MARINE CORPS BASE CAMP PENDLETON, California -- The Secretary of the Navy, the Honorable Ray Mabus, spoke with Marines and sailors in a town hall-style meeting at the School of Infantry parade deck April 12, 2016.
Mabus arranged the town hall to speak with a mix of entry-level Marine students from the School of Infantry-West and mid-career enlisted leaders studying at the Staff Noncommissioned Officers Academy about the Marine Corps’ plan to implement Department of Defense guidance to make all occupational specialties open to qualified Marines of either gender.
The plan includes information for women who may apply and qualify for infantry, armor, and artillery positions within the ground combat community, units which were formerly closed to female Marines, and their leadership.
Mabus spoke first about the sacrifices Marines have made in the years since Sept. 11, and praised the Marine Corps, calling it, “America’s away team.”
He also spoke about plans to reinvigorate the amphibious and expeditionary spirit of the Navy-Marine Corps team, detailing ship acquisition goals and a focus on being sea based and forward deployed.
Next Mabus addressed the way ahead for screening, recruiting and training Marines for ground combat jobs.
“You don’t lower standards, ever,” said Mabus. “Let me repeat that; standards will not be lowered for any group.”
Mabus said he’d visited entry-level training at Marine Corps Recruit Depot Parris Island, South Carolina, as well as Officer Candidate School and The Basic School at Marine Corps Base Quantico, Virginia. He met with leaders and learned the differences and similarities between the ways men and women trained at each training command, and ultimately came away with a decision. Enlisted men and women will continue to train separately while in the earliest stages of their indoctrination, but will begin training together later in their development.

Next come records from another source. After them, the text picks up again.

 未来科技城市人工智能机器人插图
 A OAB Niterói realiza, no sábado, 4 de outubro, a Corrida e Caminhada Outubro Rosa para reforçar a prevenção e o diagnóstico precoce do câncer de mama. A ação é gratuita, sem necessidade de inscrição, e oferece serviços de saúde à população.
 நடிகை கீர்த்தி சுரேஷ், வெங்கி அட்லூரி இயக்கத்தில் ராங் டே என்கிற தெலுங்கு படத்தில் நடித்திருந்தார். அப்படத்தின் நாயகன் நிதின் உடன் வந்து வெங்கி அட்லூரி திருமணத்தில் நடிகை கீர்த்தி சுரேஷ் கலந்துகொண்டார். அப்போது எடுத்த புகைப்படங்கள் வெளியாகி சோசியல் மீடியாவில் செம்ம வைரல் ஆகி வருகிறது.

However, he again stressed that standards will not be lowered during the process.
“One of the questions I got at IOC was, ‘Five years from now, if no woman had made it through IOC. What happens?” Mabus said. “My response was, ‘[then] no woman made it through IOC. Standards aren’t going to change.’”

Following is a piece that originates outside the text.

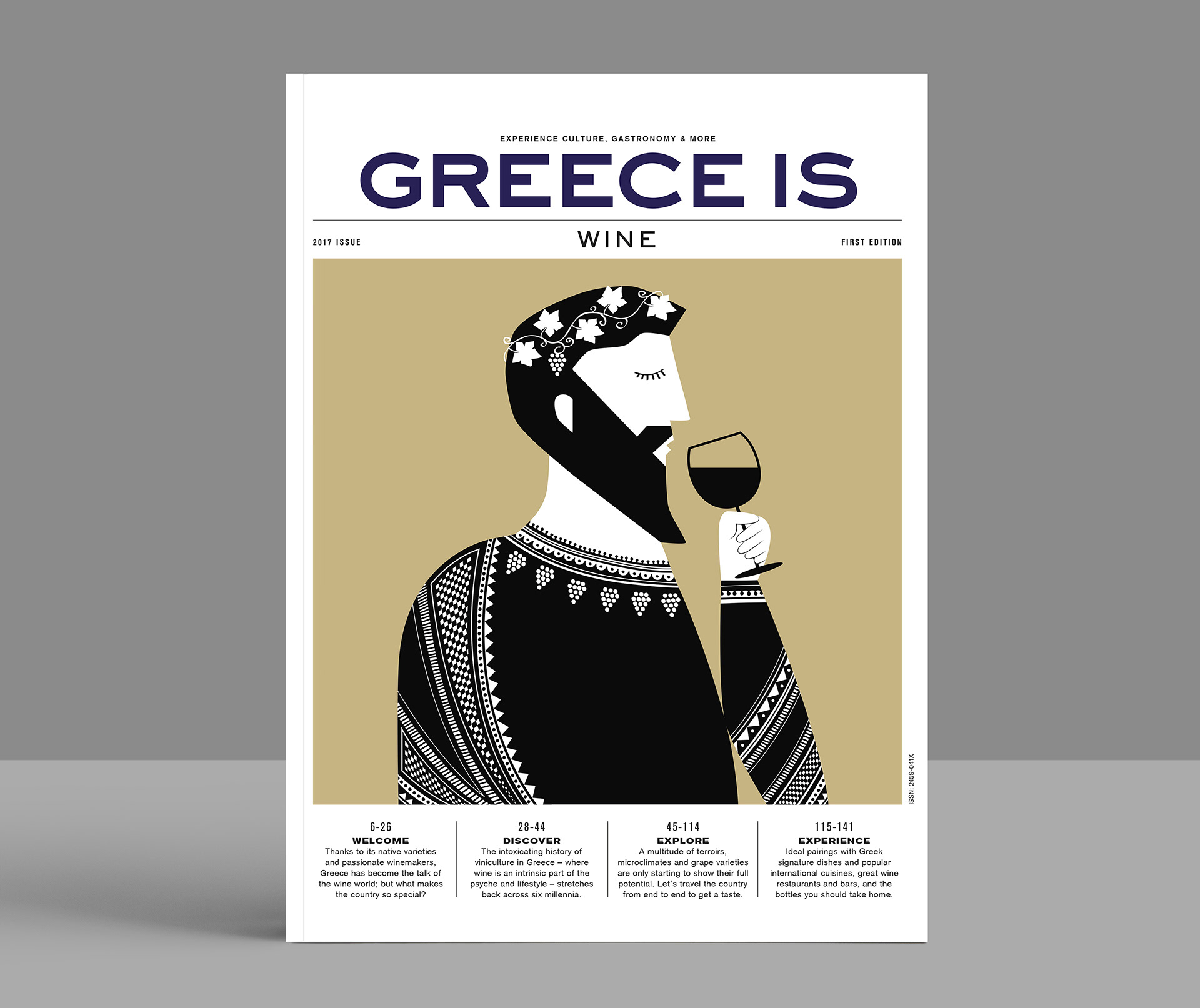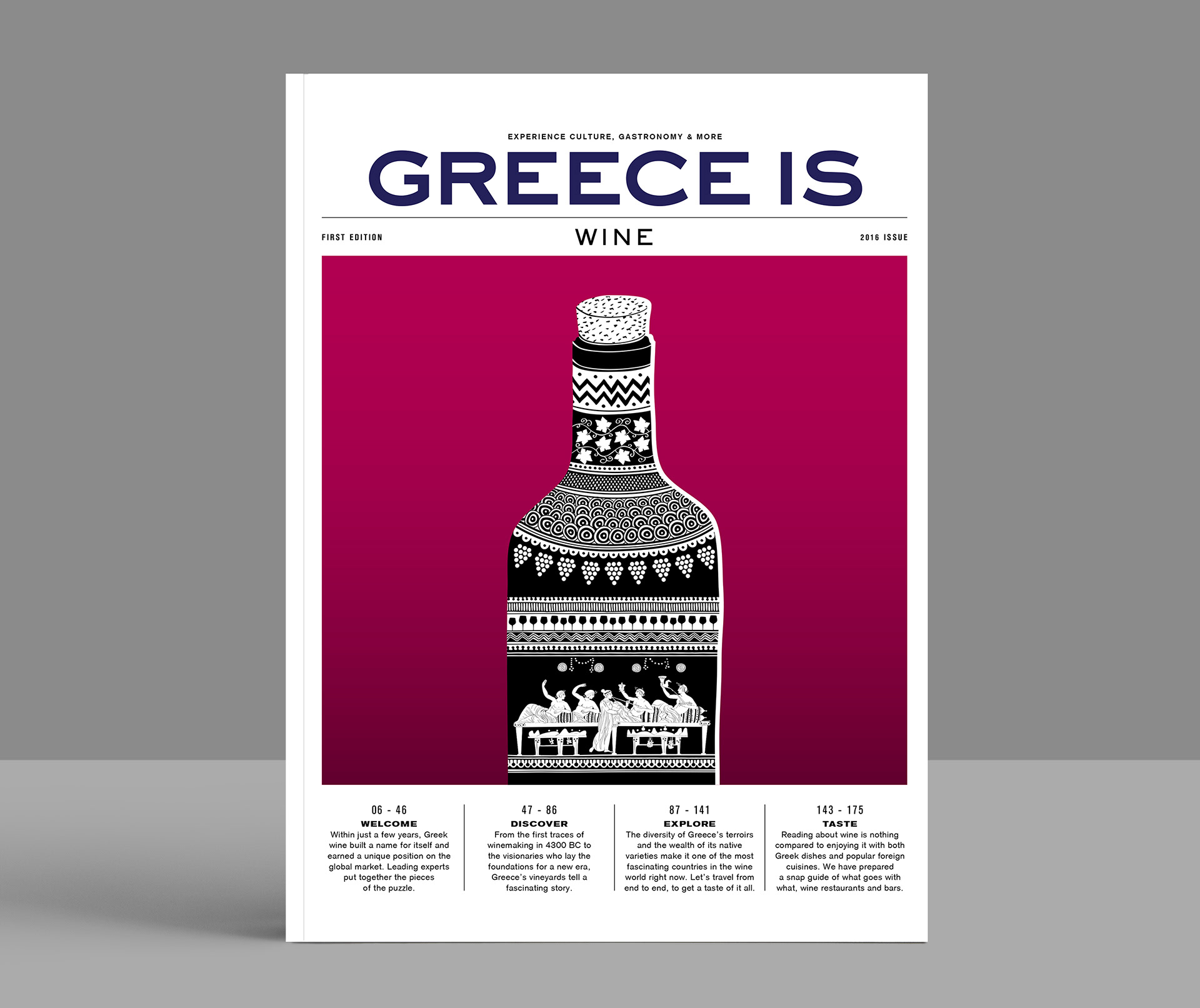 Wine as part of Greek culture from ancient times to today. I designed a cover for an issue of “Greece Is” magazine dedicated to wine. Elements of ancient Greek designs and relating to viniculture were used.

Mabus said diversity in the force is a strategic advantage and that by focusing on the capabilities of individual Marines the Corps can leverage talents where they can best serve the mission.
“Once you’ve set the standards, once you’ve made them job-related, and once you’ve said, ‘we are not going to change no matter what,’ then stuff like color doesn’t matter; gender doesn’t matter; who you love doesn’t matter,” he said. “It’s only, ‘can you do the job as a Marine?’”
The Marine Corps recently enhanced its screening process for Marines interested in those specific ground combat jobs now open to all.
Recruiters now administer the Ground Combat Arms Initial Strength Test to applicants seeking positions within the infantry, armor and artillery communities. Applicants must perform at least three dead-hang pull ups, run 1.5 miles in less than 13:30, and perform 44 crunches in two minutes, along with 45 ammo can lifts as popularized by the Combat Fitness Test. As Marines progress through their training pipelines, they will be tested and retested until they hit their fleet units—where they will be continually evaluated to ensure they meet or exceed the new gender-neutral standards.
Mabus said the net result of opening all jobs to all qualified Marines will be a stronger, more capable force.
“Whatever comes over the horizon at us, and whatever mission is given by our leadership, the United States Marine Corps is the greatest expeditionary fighting force the world has ever known,” Mabus said.